论朋友,他只和同班的本多繁邦关系亲密。当然,愿意同清显做朋友的很多,但他不喜欢同龄人的年轻、鄙俗,高唱院歌时有意回避那种郁郁不振和浅薄的感伤情绪。在这种年龄段之中,很少有人像本多那般沉静、蕴藉而富于理智,清显被他的这种性格吸引住了。
尽管如此,本多和清显无论在外表还是气质上,都并非十分相似。
本多的相貌较之他的年龄显得老成些,五官很平常,看起来有些装模作样。他虽然对法律学感兴趣,但平时只把敏锐的、一针见血的观察能力藏在心里,不肯轻易示人。而且,从表面上看,他没有丝毫官能上的魅力,然而给人的感觉是:他的内心深处正有一团烈火熊熊燃烧,似乎可以听到木柴毕毕剥剥爆出火花的声响。
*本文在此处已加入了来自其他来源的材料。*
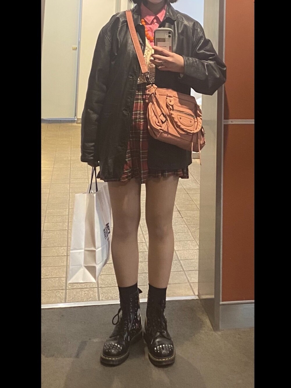 ピンク赤系×黒 パンクっぽいですが、ピンクのシャツとかぎ針編みニットベストでかわいらしさも演出しました。 漫画に出てきそうな女の子を意識しました。

每当本多略显峻厉地眯着近视的双眼、蹙起眉头、平时紧闭的嘴唇微微开启的时候,就能从这种表情里窥知他的内心。
抑或清显和本多本是同根生的植物,各自长出了完全不同的花和叶。清显毫无防备地暴露着自己的资质,一副易于受伤的裸体含蕴着尚未足以左右本人行动动机的官能,宛若一只沐浴着初春雨水的小狗,眼睛和鼻子都沾满淋漓的水滴。同他相反,本多打从人生的第一步起,就觉察到世情险恶,他选择这样一条道路:将身子团缩于屋檐下,以便躲避过分明亮的雨水。
但是,他们两个的确又是世上最亲密的朋友。在学校里每天见面还嫌不够,星期天总是整日待在一方的家里。不用说,清显的家宽大、轩敞,是个理想的消闲场所,本多来的次数自然多一些。
大正元年(一九一二)十月,一个红叶初染的星期日,本多到清显的屋子来玩,提议去湖里划船。
往年,这时正是前来观赏红叶的客人渐渐增多的季节。今年夏天由于国丧,松枝家有意节制豪奢的交际,所以庭园里总显得空落落的。
“那只小船可以乘坐三个人,我们坐上去,可以叫饭沼划桨。”
“有什么必要请别人代劳呢?我可以划呀。”
本多说着,随之想起那个眼神郁悒、紧绷着面孔的青年来,刚才饭沼不顾从不要人引路的本多,执拗地郑重其事地陪伴着,从大门口一直走到这座房子。
“本多,你很讨厌他吧?”
清显含着微笑说。
“谈不上什么讨厌,只是总也摸不透他的脾性。”
“那小子在这里待了六年了,对我来说,他的存在就像一团空气。我觉得,他和我也不是情投意合。不过,他对我富有献身精神,忠心耿耿,勤勉用功,老实可靠。”
清显的屋子位于主楼附近一座楼房的二楼之上。本来是和式房间[8],铺上地毯,换上西洋家具,就变成洋式的了。本多坐在凸窗一侧,扭过身子,眺望红叶山、湖水和湖里的小岛。午后和煦的阳光照耀着湖水,小船就停泊在眼下的小水湾里。
本多又回头窥视一下朋友有些倦怠的神情。清显无论做什么都不抢在头里,一副无动于衷的样子,正因为如此,才会勾起他不绝的兴致。故而,万事都由本多首倡,然后他再拖着清显共同行动。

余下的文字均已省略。